Resume
I used to use Rob Kolstad’s troff resume macros but my troff skills are pretty rusty these days and I figured it was a good excuse to learn some more LaTeX. One especially useful resource I discovered was Mathew Boedicker’s LaTeX resume tips.
I reviewed a number of different LaTeX resumes and templates and
finally settled on David Grant’s
template.
Unfortunately, it uses the old shading.sty
style which exhibits
bugs on the version of teTeX I was using and doesn’t work with
pdflatex
. I went looking for an alternate approach and found
that color.sty
, which is shipped with most TeX distributions, is
capable of doing the shading.
After some fiddling to get everything looking the way I liked, I now have:
- My resume in PDF form
- LaTeX source for the above
- A4 version of the above
- An ASCII version
Feel free to adapt this for your own resume.

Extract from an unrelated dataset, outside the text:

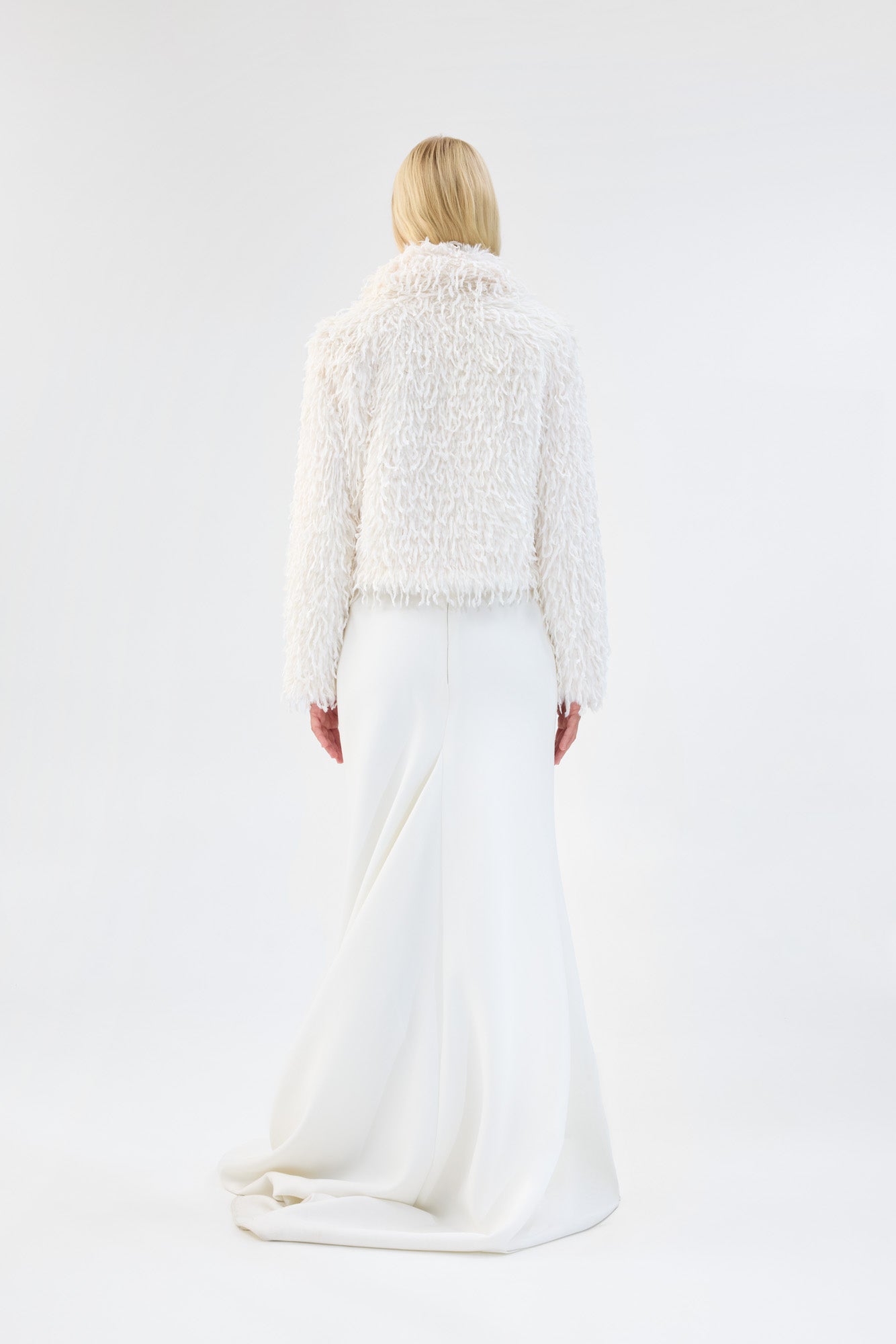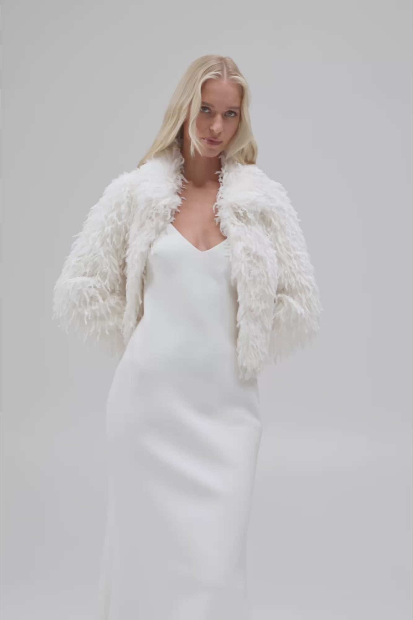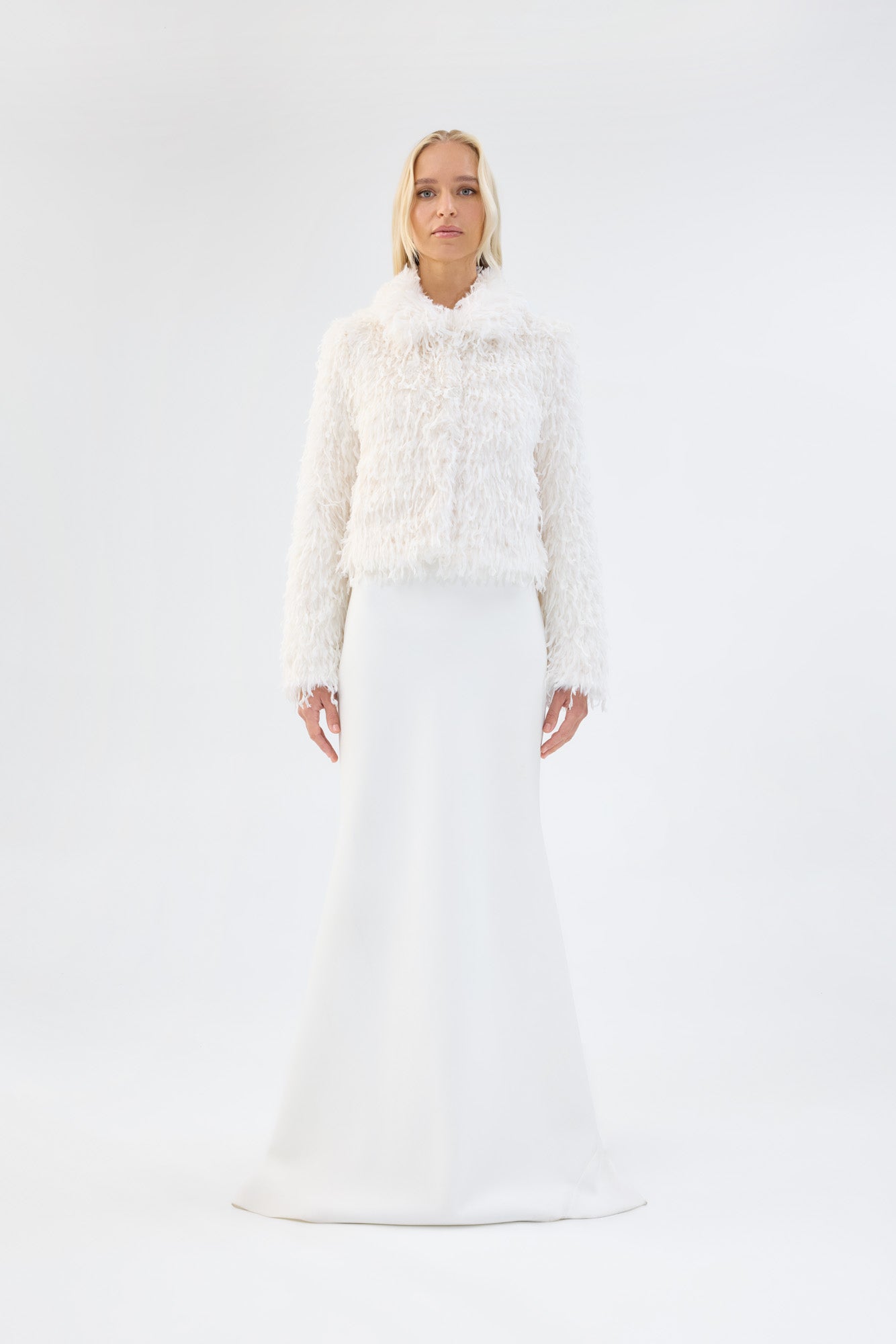 The Swan Lake Jacket balances warmth and elegance. Faux-feather fabric provides a luxurious, vegan-friendly texture, while a curved collar and cropped silhouette ensure a contemporary finish. Fully lined and fastened with four concealed snap closures, this jacket offers both functionality and style.

It is certainly possible to add a bit of color if you like–I didn’t
want the resume to look too busy. If you’d like to add a border
around the grey boxes, just change \colorbox{mygrey}
to \fcolorbox{black}{mygrey}
.
George Louthan has created a CTAN package based on this template. The resulting LaTeX style file is easy to use and probably a better choice if you are new to to LaTeX.
Please note that the ASCII version was hand-formatted. I’m not aware
of a latex to ascii translator that preserves formatting, though
detex
can be used to extract the actual text. The
UK List of TeX Frequently Asked Questions
has a list of some other TeX to ASCII formatters.